Forms of endorsement or policies other than that described in § 726.203 may be entered into by operators to insure their liability under the Act. However, any form of endorsement or policy which materially alters or attempts to materially alter an operator's liability for the payment of any benefits under the Act shall be deemed insufficient to discharge such operator's duties and responsibilities as prescribed in part C of title IV of the Act. In any event, the failure of an operator to obtain an adequate policy or contract of insurance shall not affect such operator's liability for the payment of any benefits for which he is determined liable.

§ 726.206 - Terms of policies.

A policy or contract of insurance shall be issued for the term of 1 year from the date that it becomes effective, but if such insurance be not needed except for a particular contract or operation, the term of the policy may be limited to the period of such contract or operation.

§ 726.207 - Discharge by the carrier of obligations and duties of operator.
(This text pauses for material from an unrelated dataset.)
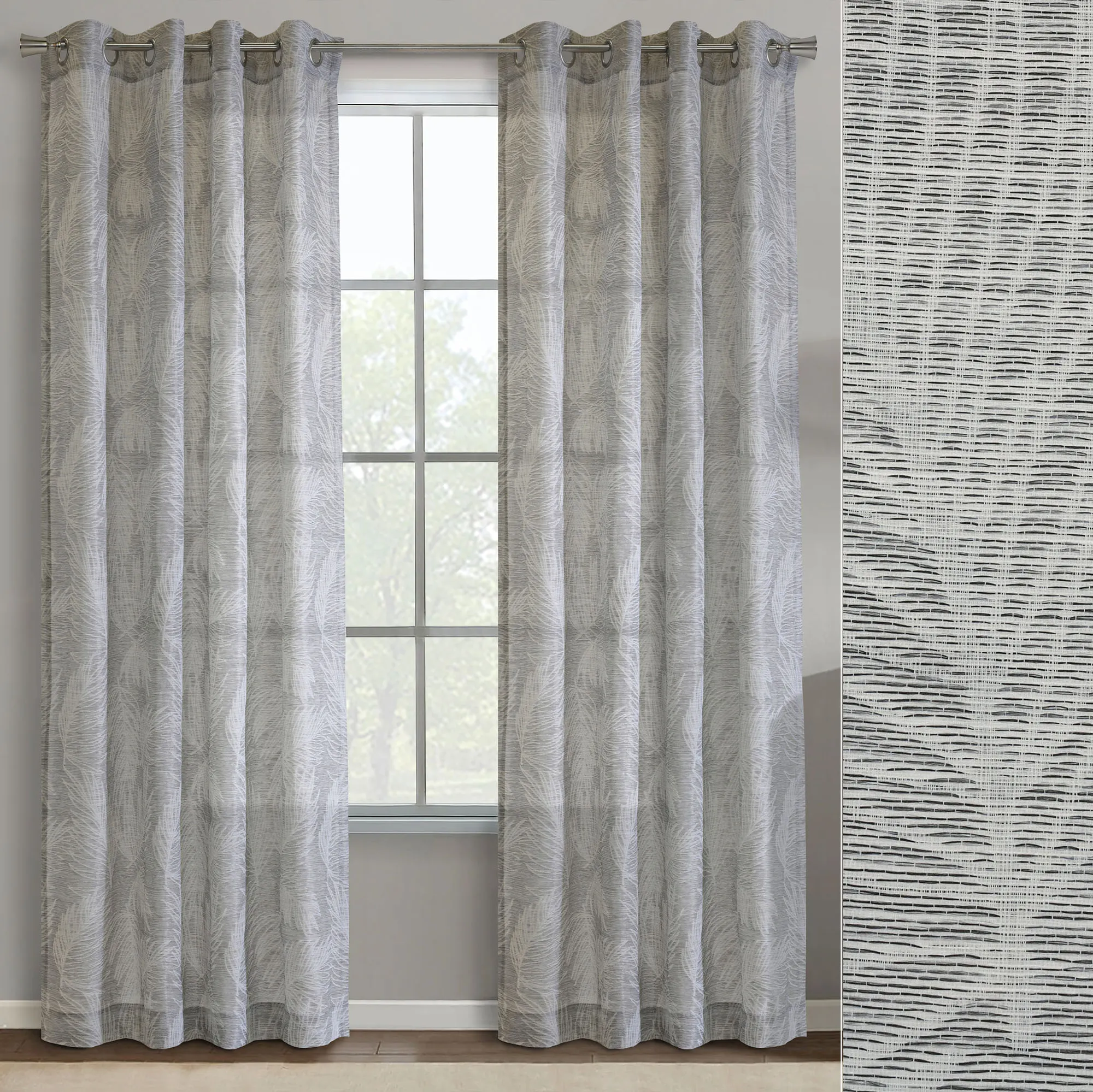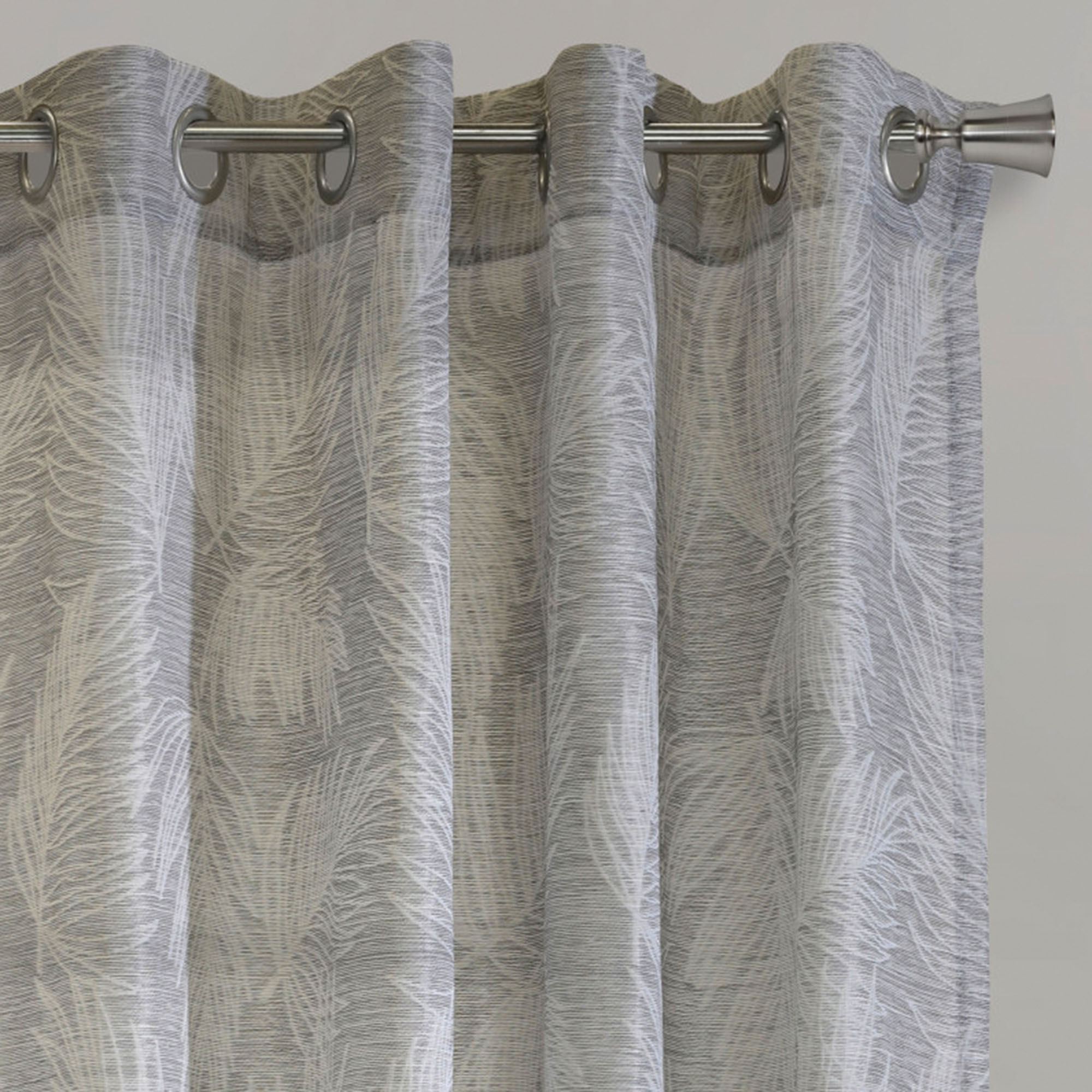 Cascading tropical leaves add a natural element to your space from the Boradal Grommet Curtain Panel. With a tonal dark gray hue, the jacquard-woven polyester window panel features a light-filtering design. Sold individually, each 52"W panel hangs via 1.5" dia. brushed silver metal grommets. Machine washable. Imported.
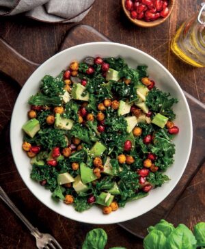 Halve and stone the avocado and cut each half in half again lengthwise. Chop each quarter into three roughly equal pieces. Place in a bowl with the lettuce, red onion and half of the roast chickpeas. Add the dressing and toss to combine. Scatter the remaining roast chickpeas over the top and serve. Top with pomegranate seeds if desired.

Every obligation and duty in respect of payment of benefits, the providing of medical and other treatment and care, the payment or furnishing of any other benefit required by the Act and in respect of the carrying out of the administrative procedure required or imposed by the Act or the regulations in this part or part 725 of this subchapter upon an operator shall be discharged and carried out by the carrier as appropriate. Notice to or knowledge of an operator of the occurrence of total disability or death due to pneumoconiosis shall be notice to or knowledge of such carrier. Jurisdiction of the operator by a district director, administrative law judge, the Office, or appropriate appellate authority under the Act shall be jurisdiction of such carrier. Any requirement under any benefits order, finding, or decision shall be binding upon such carrier in the same manner and to the same extent as upon the operator.